Periodic Reporting for period 1 - PlastiMap (Multi-dimensional mapping of the interplay between stability and plasticity in the adult visual pathway)
Reporting period: 2021-09-01 to 2023-08-31
We know that certain parts of our brains, like the visual system, can change in response to experiences. For example, when we lose vision or have changes in what we see, the areas of our brain that process visual information can also change. These changes are especially strong during childhood when our brains are still developing, but they can also happen in adulthood, although to a lesser extent. However, understanding exactly how and when these changes happen in the adult brain is still unknown. One reason for this is that most studies focus on small parts of the brain or individual neurons, which might not give us the whole picture. To really understand how our brains change and adapt, we need better ways to look at the whole brain and see how different brain areas interact over time. We also need methods that can give us detailed information about how neurons are working and how they change over time. By doing this, we can gain a clearer understanding of how our brains adapt and learn, both when we're young and as we grow older.
In PlastiMap, we used the latest technology in brain imaging and advanced computer models to study how the visual system adapts in response to environmental changes. In particular we investigated the following research questions: Can the brain change even after it's fully developed? Is visual experience driving brain plasticity? How long does it take for brain changes to happen? Do changes in one part of the brain affect other parts too?
We used a model in which rodents are born and raised in the dark until adulthood, well past the critical period of plasticity. Consequently, the brains of these animals had not yet undergone the key processes required for visual specialisation. The animals were then exposed to light for the first time inside the MRI scanner. This allowed us to observe the brain’s response to its first encounter with visual stimuli, but also to study how it might adapt to this delayed exposure, yielding two pivotal insights. First, when the animals were exposed to light for the first time during the initial MRI scan, their brains displayed no organised response to visual information. Instead, their nerve cells across different areas reacted to a broad range of visual details, from fine to coarse. Moreover, the receptive field sizes of neurons – the specific area of the visual field that they respond to – was also larger in visually deprived rats compared to the control group. Together, these findings suggested that the visual pathway in the light-deprived rats lacked specialisation. Second, after exposure to light, the animals’ brains began to change. Even
within a week, visual responses became more organised, such that neighbouring neurons began to respond to nearby positions in the visual field, and the cells started to react more to specific visual characteristics. The receptive fields of the neurons also became smaller and more spatially selective. After a month, the animals’ brains looked much like those of healthy controls. In less than a month, the structure and function of the visual system in the visually deprived animals became similar to the controls. While plasticity has been observed in humans, interpreting it remains very difficult. What we are seeing here in rodents, which offer insights into brain mechanisms unattainable in human studies, is a phenomenon that has not been observed before: large-scale plasticity in the adult brain across the entire visual pathway, not just localised to a specific brain area as shown in previous studies.

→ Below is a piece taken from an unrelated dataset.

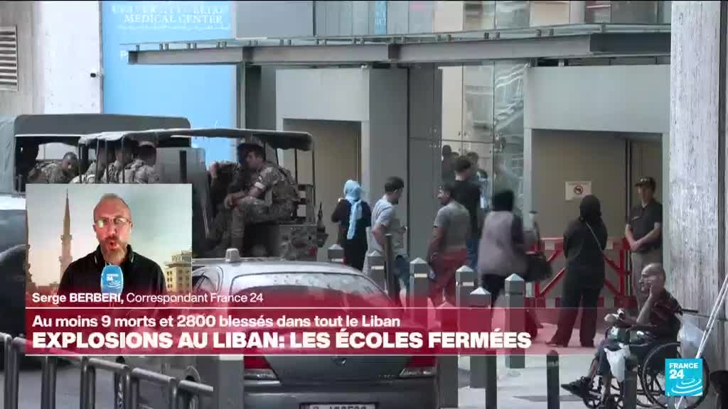 L'explosion simultanée à travers le Liban de bipeurs utilisés par le Hezbollah a fait neuf morts et près de 2 800 blessés, dont des centaines de membres du mouvement islamiste libanais, soutenu par l'Iran. Cette attaque sans précédent est attribuée à Israël. Au lendemain de ces explosions, les écoles sont fermées et les hôpitaux submergés de blessés. Les précisions de Serge Berberi, correspondant de France 24 au Liban.
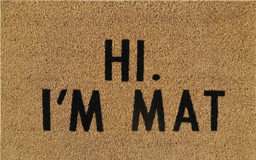 These mats enhance the visual appeal of an entrance and add a touch of personality to the space creating a friendly inviting atmosphere for guests. This mat reads ‘Hi, I’m Mat’ making it a humorous addition to your home.

Furthermore, the techniques from this study are extendable to other animal disease models, including, for example, Parkinson’s Disease. As there are known early, subtle visual problems in Parkinson’s, the method could be applied to track differences in visual system responses over time, possibly revealing new insights into disease progression and treatment options in animal models. In addition, within the preclinical setting, this technique could assist in pinpointing the optimal timing for visual restoration and rehabilitation procedures, enhancing the effectiveness of treatments like retinal stem cell transplantation.